(Data for analysis begins)

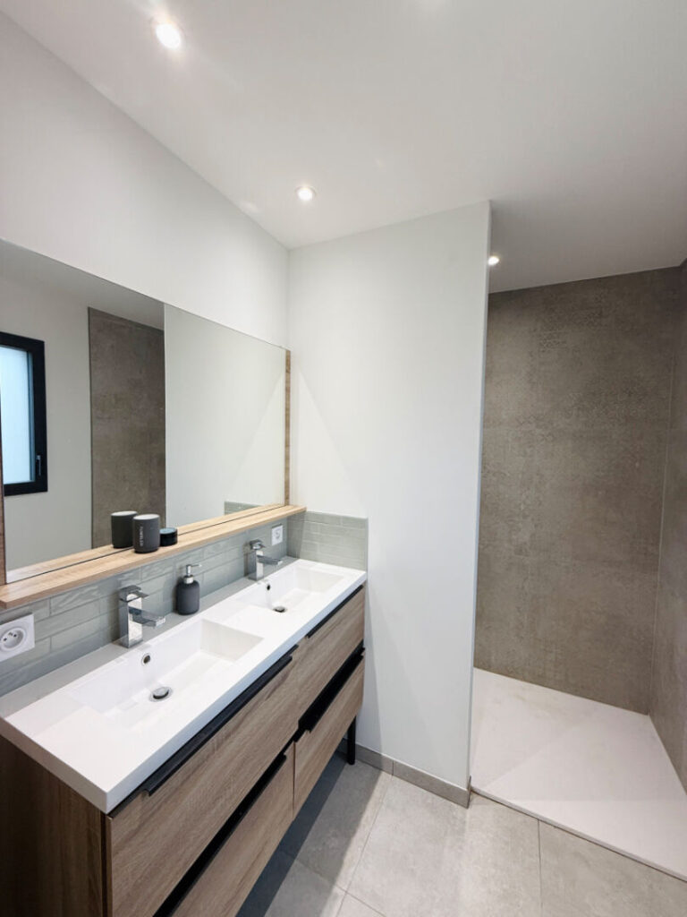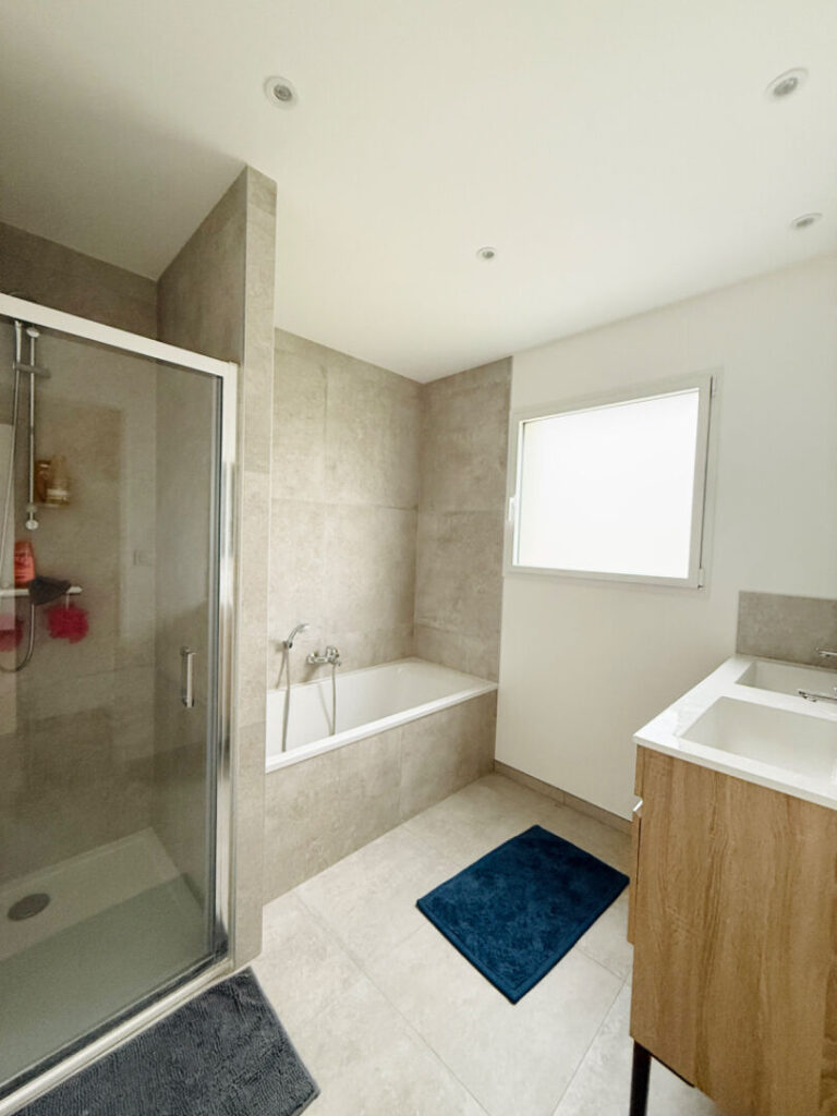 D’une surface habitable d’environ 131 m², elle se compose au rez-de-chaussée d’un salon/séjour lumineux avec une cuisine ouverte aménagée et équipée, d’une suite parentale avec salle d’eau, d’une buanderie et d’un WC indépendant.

(Data for analysis ends)
(Data for analysis begins)

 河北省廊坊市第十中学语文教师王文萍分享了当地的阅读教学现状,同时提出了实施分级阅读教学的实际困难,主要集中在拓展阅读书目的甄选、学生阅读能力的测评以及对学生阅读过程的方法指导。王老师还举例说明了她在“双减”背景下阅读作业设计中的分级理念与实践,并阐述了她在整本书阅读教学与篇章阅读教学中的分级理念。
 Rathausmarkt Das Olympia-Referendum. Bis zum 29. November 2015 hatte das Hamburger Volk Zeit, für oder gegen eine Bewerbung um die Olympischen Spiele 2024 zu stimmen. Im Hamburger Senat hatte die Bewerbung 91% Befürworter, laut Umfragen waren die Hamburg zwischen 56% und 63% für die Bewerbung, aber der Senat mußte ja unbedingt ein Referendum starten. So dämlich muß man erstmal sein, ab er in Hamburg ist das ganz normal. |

(Data for analysis ends)
(Data for analysis begins)

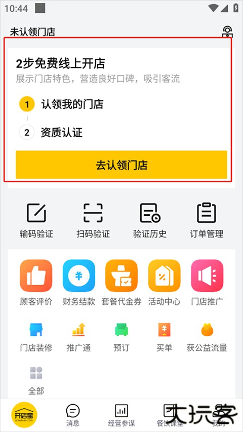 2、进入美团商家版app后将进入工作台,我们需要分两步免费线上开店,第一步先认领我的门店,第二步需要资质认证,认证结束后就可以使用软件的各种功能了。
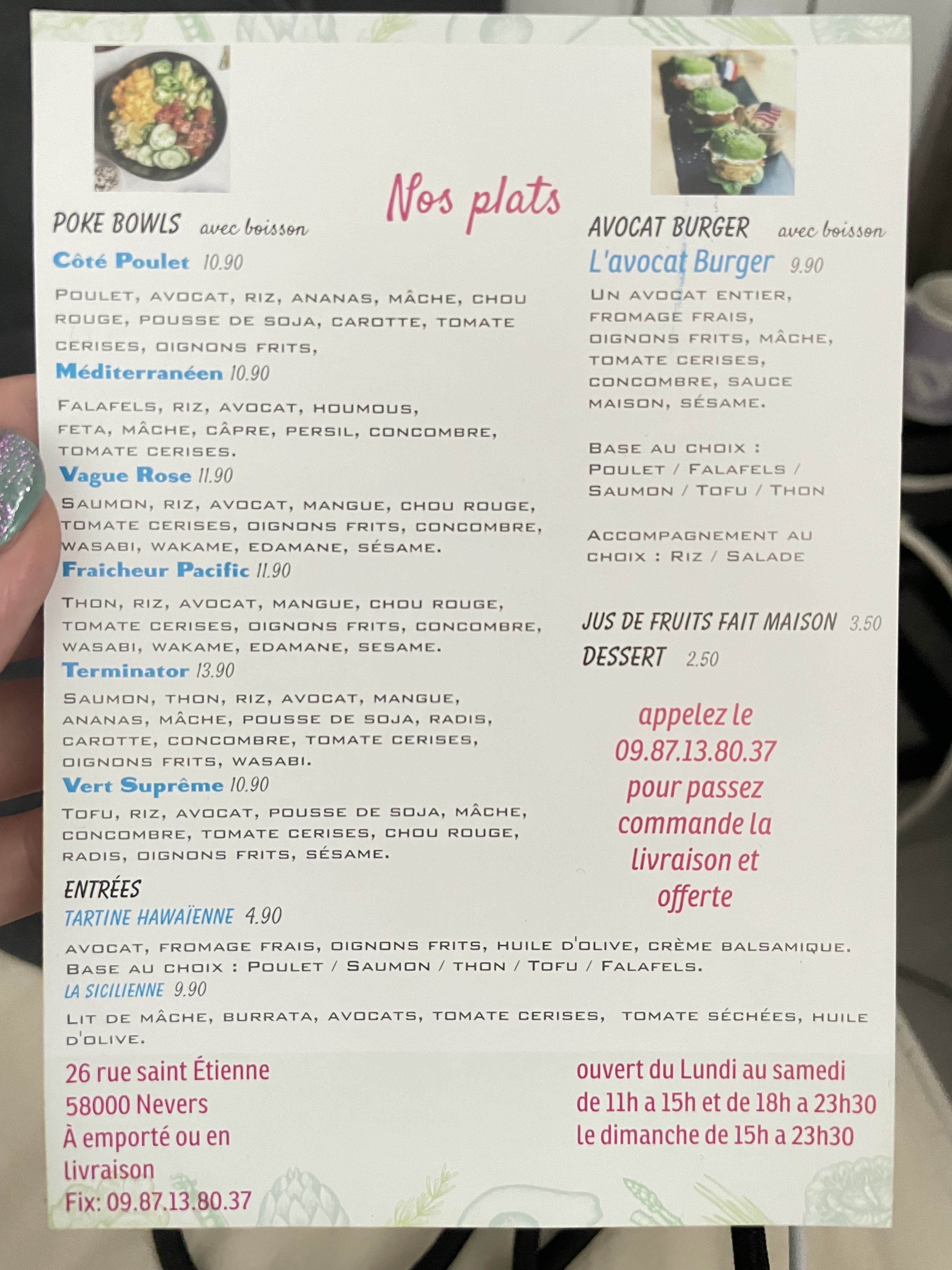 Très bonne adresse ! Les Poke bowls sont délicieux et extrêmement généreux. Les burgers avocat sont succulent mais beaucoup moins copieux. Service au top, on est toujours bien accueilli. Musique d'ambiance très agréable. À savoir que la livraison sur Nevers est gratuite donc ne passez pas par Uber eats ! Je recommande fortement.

(Data for analysis ends)

# [Aim of the exercise]
Between and including the line above that contains "2、进入美团商家版app后将" and the line that contains "Très bonne adresse", restate every line word for word. Pictures stay out.

# [Solution]
 2、进入美团商家版app后将进入工作台,我们需要分两步免费线上开店,第一步先认领我的门店,第二步需要资质认证,认证结束后就可以使用软件的各种功能了。
 Très bonne adresse ! Les Poke bowls sont délicieux et extrêmement généreux. Les burgers avocat sont succulent mais beaucoup moins copieux. Service au top, on est toujours bien accueilli. Musique d'ambiance très agréable. À savoir que la livraison sur Nevers est gratuite donc ne passez pas par Uber eats ! Je recommande fortement.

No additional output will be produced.